Czernys Übungen sind deshlab keinesfalls als tote Technikübungen zu verstehen, sondern als Muster, die man sich aneignen kann - nicht, um sie nur zu spielen, sondern um damit zu spielen. Wenn man sich freie Fantasien aus dieser Zeit anschaut (die allerdings nur selten aufgeschrieben wurden, weil sie in der Regel als Eingänge zu Stücken improvisiert wurden), dann kann man sehen, dass diese aus genau solchen musikalischen Bausteinen zusammengesetzt sind, die Czerny exemplarisch notiert hat.

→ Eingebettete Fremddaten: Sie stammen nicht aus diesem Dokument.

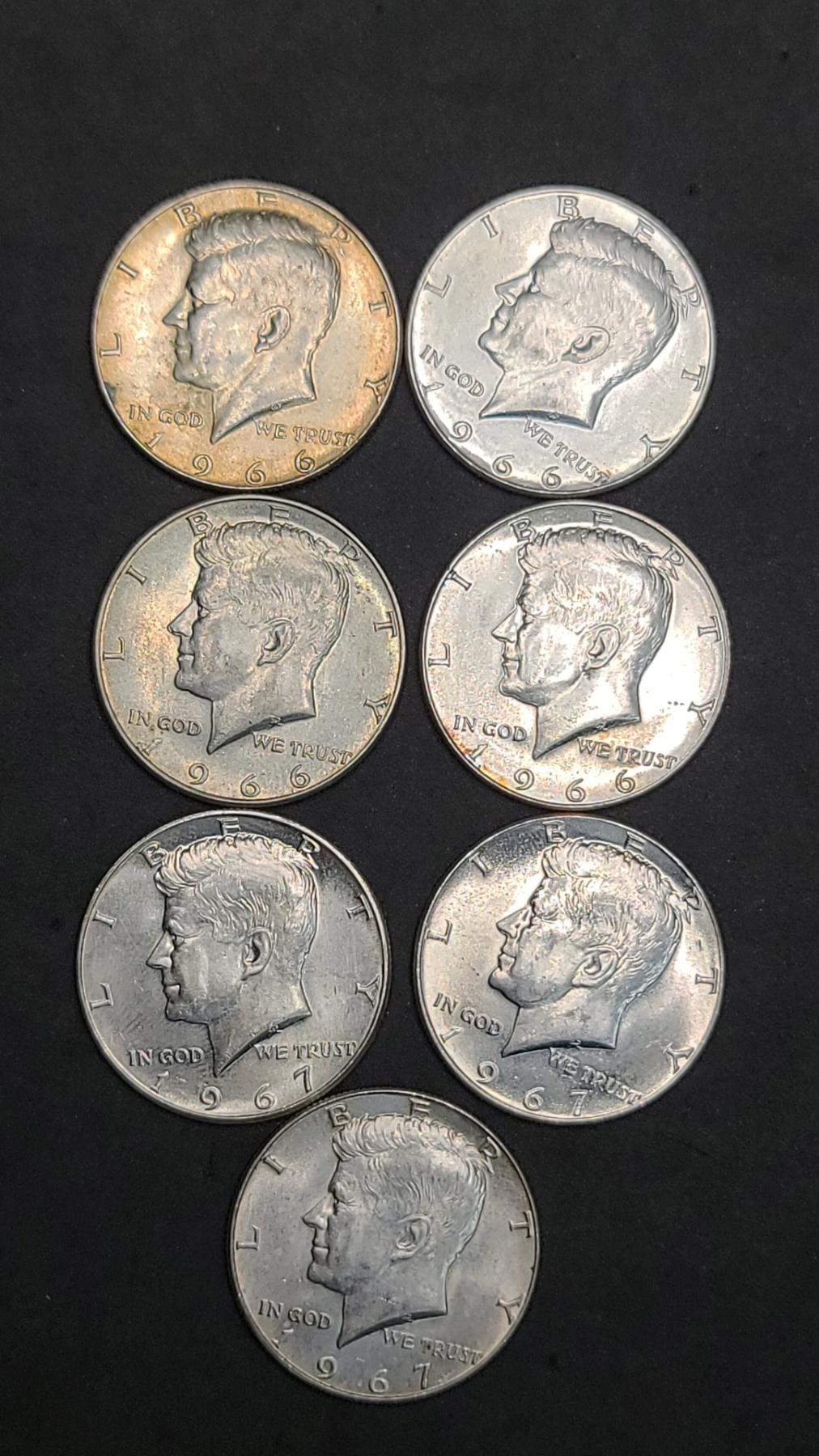 (7) Assorted Years 40% Silver Kennedy Half Dollars - Face Value: $3.50

Etwas anderes sind die Technikübungen von Brahms, Liszt, Busoni, Cortot etc. Die sind weniger als musikalische Bausteine zu verstehen, sondern wirklich als Kompendien bestimmter Klaviertechniken. Vernünftig einsetzen lassen sie sich allerdings nicht, wenn man beim Üben nicht den konkreten musikalischen Sinn vor Augen hat und dementsprechend übt. Dazu muss man schon auf ziemlich hohem Niveau spielen, denn man kann Technik nicht "auf Vorrat" üben. Ohne musikalischen Hintergrund ist jedes Üben ein vollkommen sinnloses Unterfangen. Man wird ja auch kein guter Schauspieler, wenn man verbissen übt, einzelne Buchstaben möglichst schnell hintereinander aufzusagen. Hanon hat sowas propagiert - und leider glauben heute noch immer ein paar Leute daran, dass das funktionieren könnte. Tut es nicht!